*WHAT THE EXERCISE ASKS:* In the material below, find the line containing "Прошла региональная олимпиада" and output it and all lines after it exactly, through the last one, without the pictures.

*SOURCE DATA:*

************

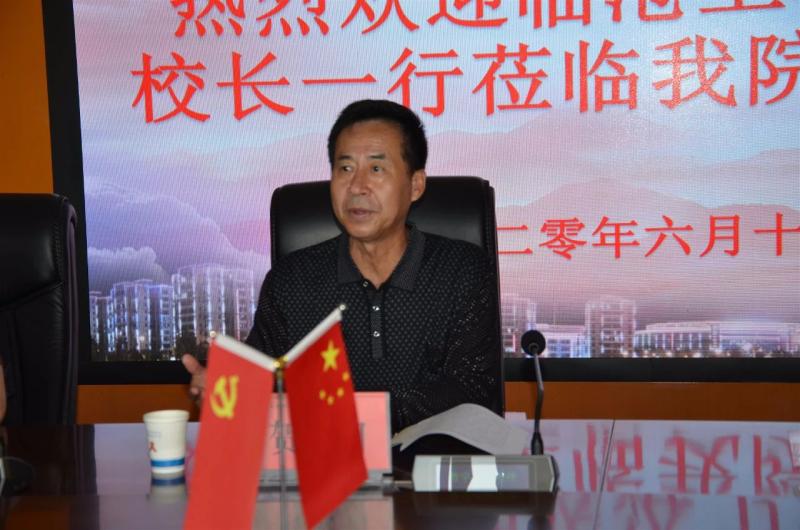 院党委书记王荣富首先代表学院对贺金明校长一行到校指导和交流工作表示欢迎和感谢。王荣富书记向贺金明校长一行简要介绍了学院发展、办学治校基本情况,并重点围绕学院的办学发展理念、专业设置要与市场对接、新开专业招生规模要从小到大持续推进等三个方面进行了座谈交流。副院长陈跃祥就专业发展、教学改革模式、信息化发展、人才培养合格评估等方面,详细介绍了近年来学院的建设发展情况。相关部门分别围绕学院的教学管理、人才培养合格评估、招生就业、技能鉴定、实训基地建设等方面进行了介绍和交流。
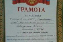 Прошла региональная олимпиада по географии на базе историко-географического факультета Набережночелнинского государственного педагогического университета. Ученик 10 класса нашей школы Габидуллин К. занял 1 место (учитель Смелов Р.Р.).Поздравляем!!!
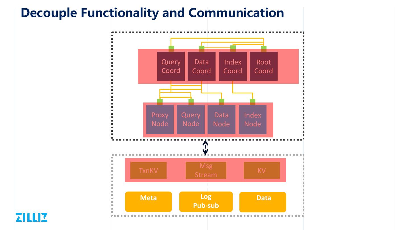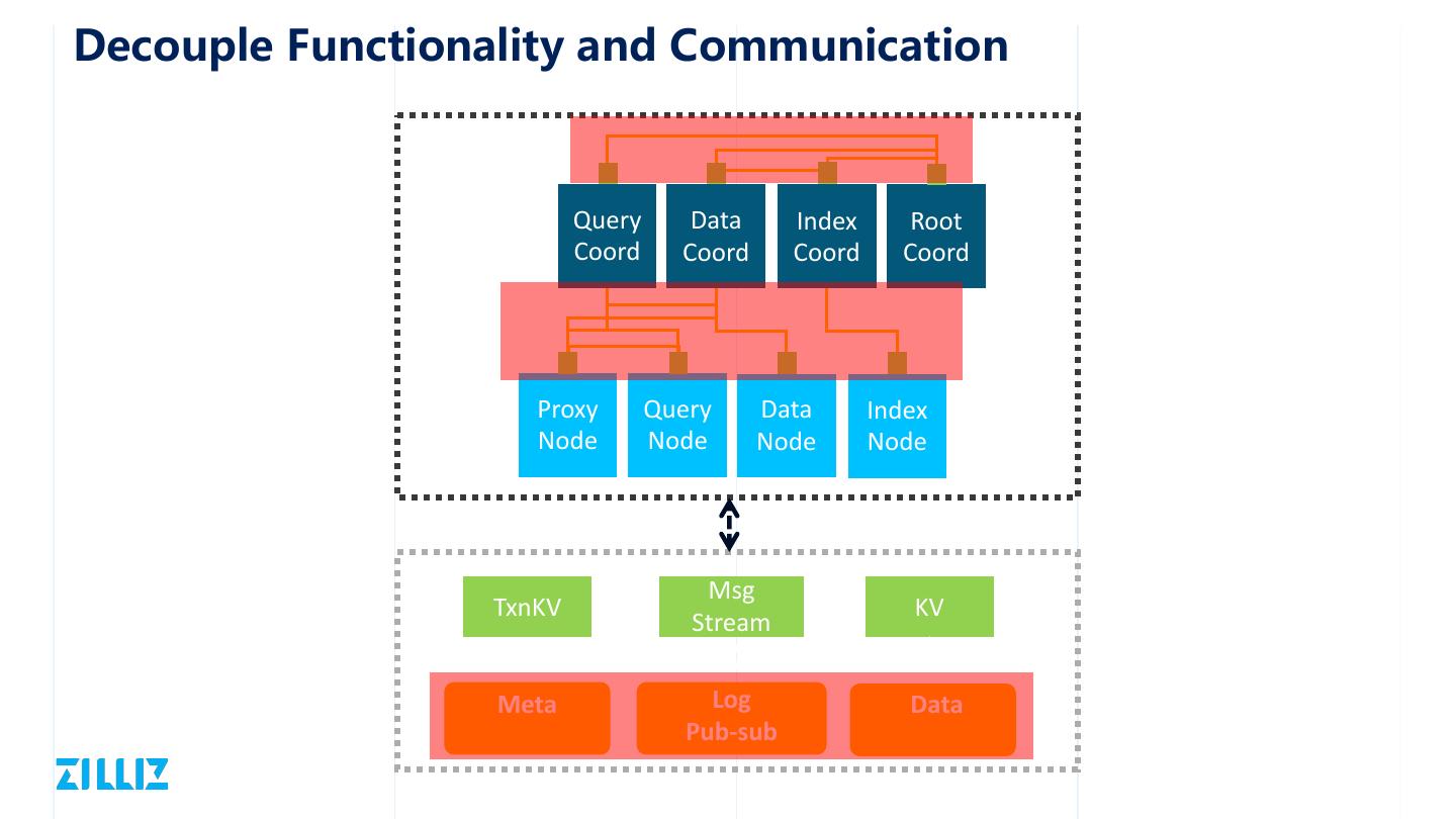 15 .Decouple Functionality and Communication Query Data Index Root Coord Coord Coord Coord Proxy Query Data Index Node Node Node Node Msg TxnKV KV Stream Meta Log Data Pub-sub
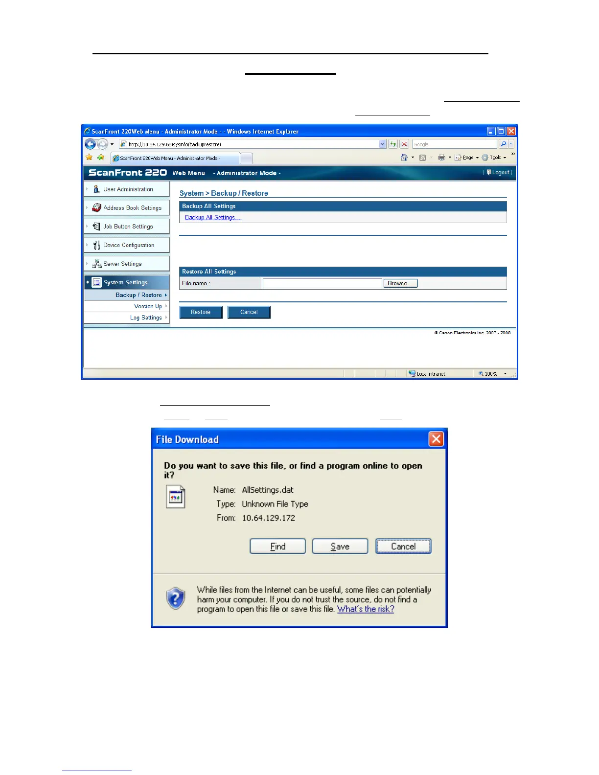 3. After logging in to the ScanFront Administrator Web Menu, click on the System Settings

************

*RESULT:*
 Прошла региональная олимпиада по географии на базе историко-географического факультета Набережночелнинского государственного педагогического университета. Ученик 10 класса нашей школы Габидуллин К. занял 1 место (учитель Смелов Р.Р.).Поздравляем!!!
 15 .Decouple Functionality and Communication Query Data Index Root Coord Coord Coord Coord Proxy Query Data Index Node Node Node Node Msg TxnKV KV Stream Meta Log Data Pub-sub
 3. After logging in to the ScanFront Administrator Web Menu, click on the System Settings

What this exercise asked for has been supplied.